Okay, thanks. Your help is much appreciated.

Michiel

On 1 Mar 2016, at 17:42, paragt notifications@github.com<mailto:notifications@github.com> wrote:

Hi Michiel,

Glad to help you in your project, thanks for the info you provided. I forgot about the new conda installation. I made some changes in the neuroproof after I received your email and got some problems in the make test, we are working to fix those now. Please bug me within a couple of days in case I dont get back to you by then.

Thanks

--Toufiq

— Reply to this email directly or view it on GitHubhttps://github.com/janelia-flyem/NeuroProof/issues/4#issuecomment-190827976.

paragt commented 8 years ago

Hi Michiel,

I think the problem is fixed now. The instruction you can follow to check out the git repo and build yourself with conda are as follows. Please let me know if you have problem with this.

Thanks

--Toufiq PS: conda info --root is the folder where you save the environments within your conda folder.

# Set up a conda environment with all dependencies
conda create -n myenv -c flyem neuroproof
source activate myenv
PREFIX=$(conda info --root)/envs/myenv
export LD_LIBRARY_PATH=${PREFIX}/lib # Linux
export DYLD_FALLBACK_LIBRARY_PATH=${PREFIX}/lib # Mac

# Discard the downloaded binary; we'll build our own.
conda remove neuroproof

# Clone and build
git clone https://github.com/janelia-flyem/neuroproof
cd neuroproof
./configure-for-conda.sh ${PREFIX}
cd build
make -j4
make install
make test

(Edited to correct PREFIX as mentioned below.)

michielkleinnijenhuis commented 8 years ago

Hi Toufiq,

Regarding the install: All tests passed.

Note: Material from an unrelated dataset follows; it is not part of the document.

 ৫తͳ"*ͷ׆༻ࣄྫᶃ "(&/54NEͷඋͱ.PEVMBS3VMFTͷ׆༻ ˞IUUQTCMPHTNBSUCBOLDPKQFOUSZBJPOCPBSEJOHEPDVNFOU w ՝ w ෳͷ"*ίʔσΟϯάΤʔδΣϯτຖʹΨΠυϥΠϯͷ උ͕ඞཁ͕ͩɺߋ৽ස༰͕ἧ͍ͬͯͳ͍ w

However, to get the it going: 1) Your line in the email below should probably read (this is also in the README) PREFIX=$(conda info --root)/envs/myenv instead of PREFIX=$(conda info --root)/myenv 2) I had to use an adapted build.sh, as I’m on Xcode7 which does not include the requested MacOSX10.10.sdk (see output NP-bug_make_before-adapted-buildscript.output attached). May I suggest that you add the following two lines to your build.sh (as found in https://forums.developer.apple.com/thread/17334)? That worked for me. -DCMAKE_OSX_DEPLOYMENT_TARGET:STRING="" \ -DCMAKE_OSX_SYSROOT:STRING=/ \

best wishes, Michiel

On 1 Mar 2016, at 18:38, paragt notifications@github.com<mailto:notifications@github.com> wrote:

Hi Michiel,

I think the problem is fixed now. The instruction you can follow to check out the git repo and build yourself with conda are as follows. Please let me know if you have problem with this.

Thanks

--Toufiq PS: conda info --root is the folder where you save the environments within your conda folder.

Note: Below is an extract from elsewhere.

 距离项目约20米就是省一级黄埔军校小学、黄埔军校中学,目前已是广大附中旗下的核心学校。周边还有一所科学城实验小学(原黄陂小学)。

Set up a conda environment with all dependencies

conda create -n myenv -c flyem neuroproof source activate myenv PREFIX=$(conda info --root)/myenv export LD_LIBRARY_PATH=${PREFIX}/lib # Linux export DYLD_FALLBACK_LIBRARY_PATH=${PREFIX}/lib # Mac

Discard the downloaded binary; we'll build our own.

conda remove neuroproof

Clone and build

git clone https://github.com/janelia-flyem/neuroproof cd neuroproof ./configure-for-conda.sh ${PREFIX} cd build make -j4 make install make test

— Reply to this email directly or view it on GitHubhttps://github.com/janelia-flyem/NeuroProof/issues/4#issuecomment-190845809.

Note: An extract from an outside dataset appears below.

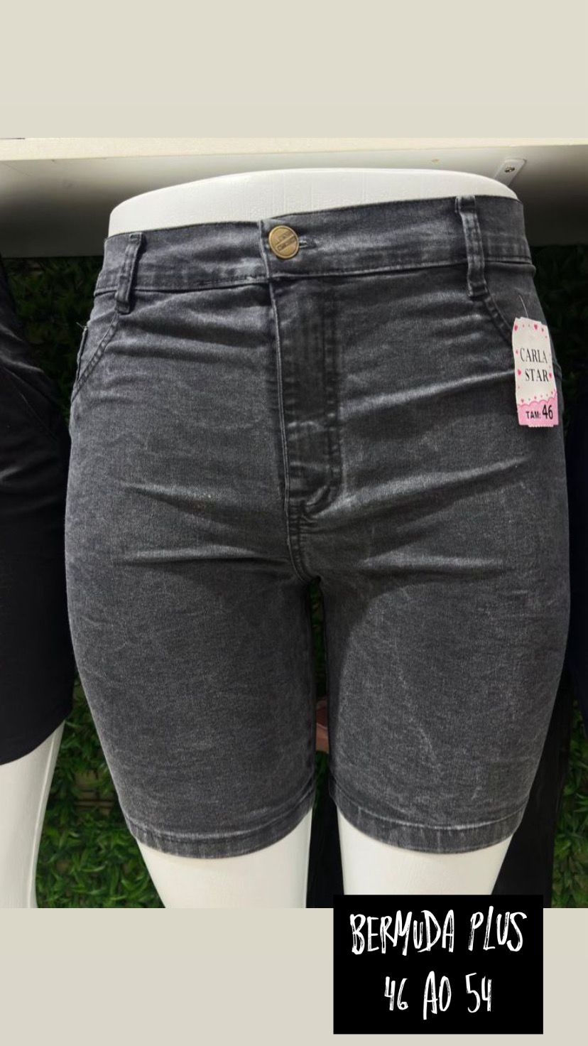 Bermuda Jeans Preta Marmorizada Plus

thouis commented 8 years ago

We're seeing the same thing on Linux, at commit 23992fa424.

LeeKamentsky commented 7 years ago

I think the problem occurs because a deleted edge is being revisited here: https://github.com/janelia-flyem/NeuroProof/blob/master/src/Algorithms/FeatureJoinAlgs.h#L127

I patched the code with the following test at that line and it ran to completion past the segfault:

        if (((*iter)->get_node1() == node_remove) || 
           ((*iter)->get_node2() == node_remove))
           continue;

That should test for the edge that's been merged out and should avoid reinserting it into the queue and trying to use the deleted node_cache for node_remove.

stephenplaza commented 7 years ago

Thanks for your contribution Lee! If you want, please create a pull request and assuming the integration tests pass I will accept it.